Not many people can replace a 7-footer like Crawford, but Metress is happy with what he’s been getting out of Amadasun early on in practice – making his free throws, playing solid defense and being a presence near the basket.
In the Jaguars’ 82-77 exhibition victory over Georgia Southern on Oct. 20, Amadasun played 31 minutes, scored 11 points, including one 3-pointer, with six rebounds and only one foul. The other starters also played over 30 minutes and scored in double digits. Metress said the squad was elated for the win over a Division I opponent but knows there is still plenty of work to be done.
“We hadn’t been practicing well up until then so it was good to get the win. We only had one player that played in that game close a game for us last year, and that was Kirby. Everybody else was new in that role, so they got a chance to close a game with a win. We only played eight guys, and we need to play more as the season progresses, but it was good to get a win,” Metress said.
The first 10 games of the season are non-conference games Metress hopes will prepare the team for conference play, which begins Jan. 3 at USC Beaufort.

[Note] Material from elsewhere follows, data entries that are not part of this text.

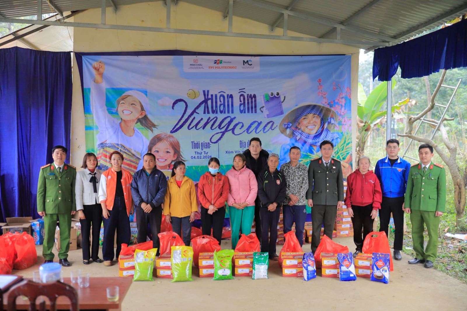 Chia sẻ với những khó khăn đó, Chương trình “Xuân ấm vùng cao” được tổ chức với mong muốn góp phần động viên, hỗ trợ người dân có thêm điều kiện đón Tết cổ truyền. Tại buổi trao quà, đại diện Công an xã Lạc Sơn, Trường Cao đẳng FPT PolyTechnic và các nhà tài trợ đã trao tặng 50 phần quà với tổng trị giá trên 30 triệu đồng. Các phần quà gồm nhu yếu phẩm thiết yếu, sách vở, áo ấm, chăn ấm phục vụ sinh hoạt hằng ngày, phù hợp với nhu cầu thực tế của bà con Nhân dân.
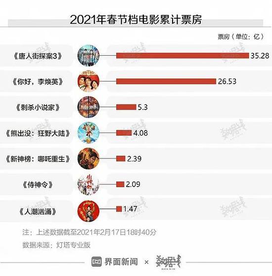 分影片来看,备受争议的《唐人街探案3》用时约5天突破35亿票房,打破13项中国影史纪录。豆瓣评分8.2分的《你好,李焕英》累计票房已超27亿。
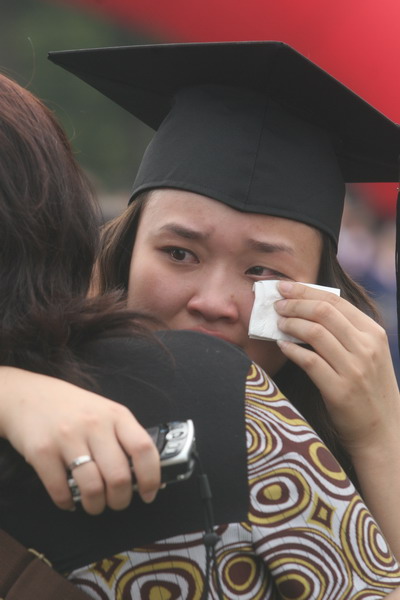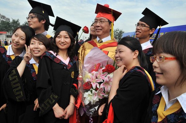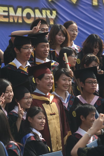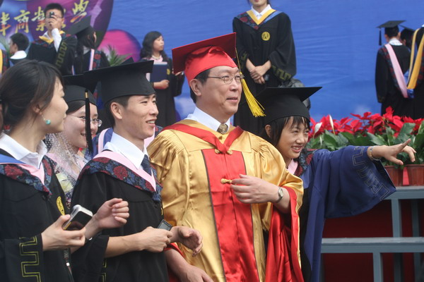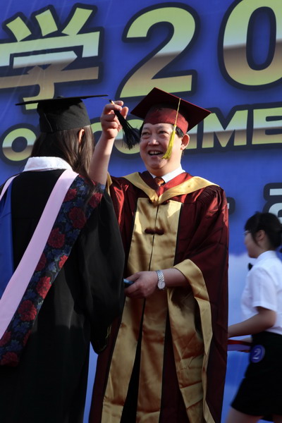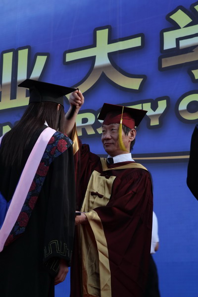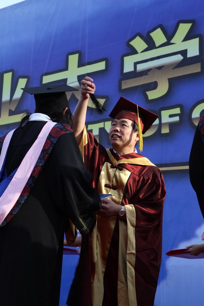 2937 名畢業生身著學位服參加畢業典禮,23 位導師代表為每名畢業生頒發畢業證書和學位證書,撥流蘇,并和他們一一合影留念,祝賀他們完成學業,即將奔赴新的工作崗位。歷時兩個半小時的頒證儀式,始終沉浸在隆重、熱烈、和諧的氣氛中。畢業生興奮的歡呼聲和高高拋向天空的學位帽,寄托了莘莘學子內心成功的喜悅和對未來人生的無限向往。
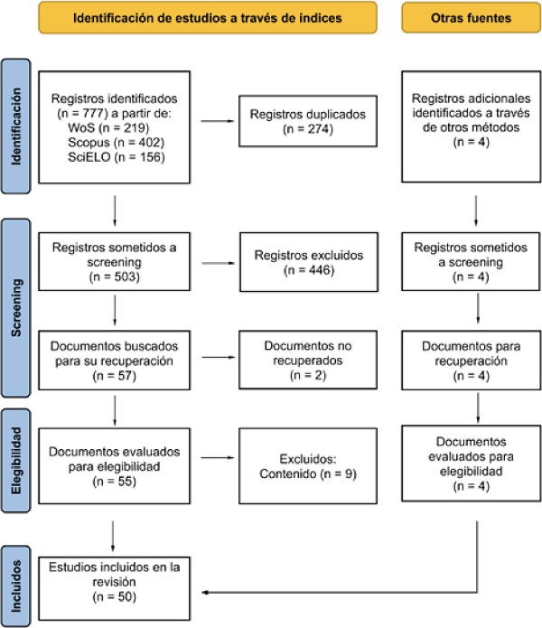 El proceso comenzó con la identificación de registros a partir de los índices seleccionados (n = 777). Al realizar cada búsqueda se exportó un archivo con los resultados, los cuales fueron ingresados manualmente a una hoja de cálculo de Microsoft Excel donde se realizó un cotejo y posterior depuración de los resultados13. De esa manera, se eliminaron registros repetidos o duplicados (n = 274).

He acknowledges one of the biggest challenges his players will face is learning to adapt on the fly while being put in situations that they’re not used to yet.
Six of the first 10 games will be at home in Christenberry Fieldhouse, where the Jags are 69-11 since the start of the 2018-19 season, including 35-3 the past two seasons. Metress knows how crucial that stat is.
“If you’re talking about winning your league, you have to win your home games and you have to win as many as you can on the road. That’s a big part of those past three regular-season titles,” he said. “I’m excited to have these young guys; I was worried early in preseason because they weren’t responding right to certain things, but they’ve changed the more we’ve practiced. It’s hard playing college basketball, but they’ve responded well.”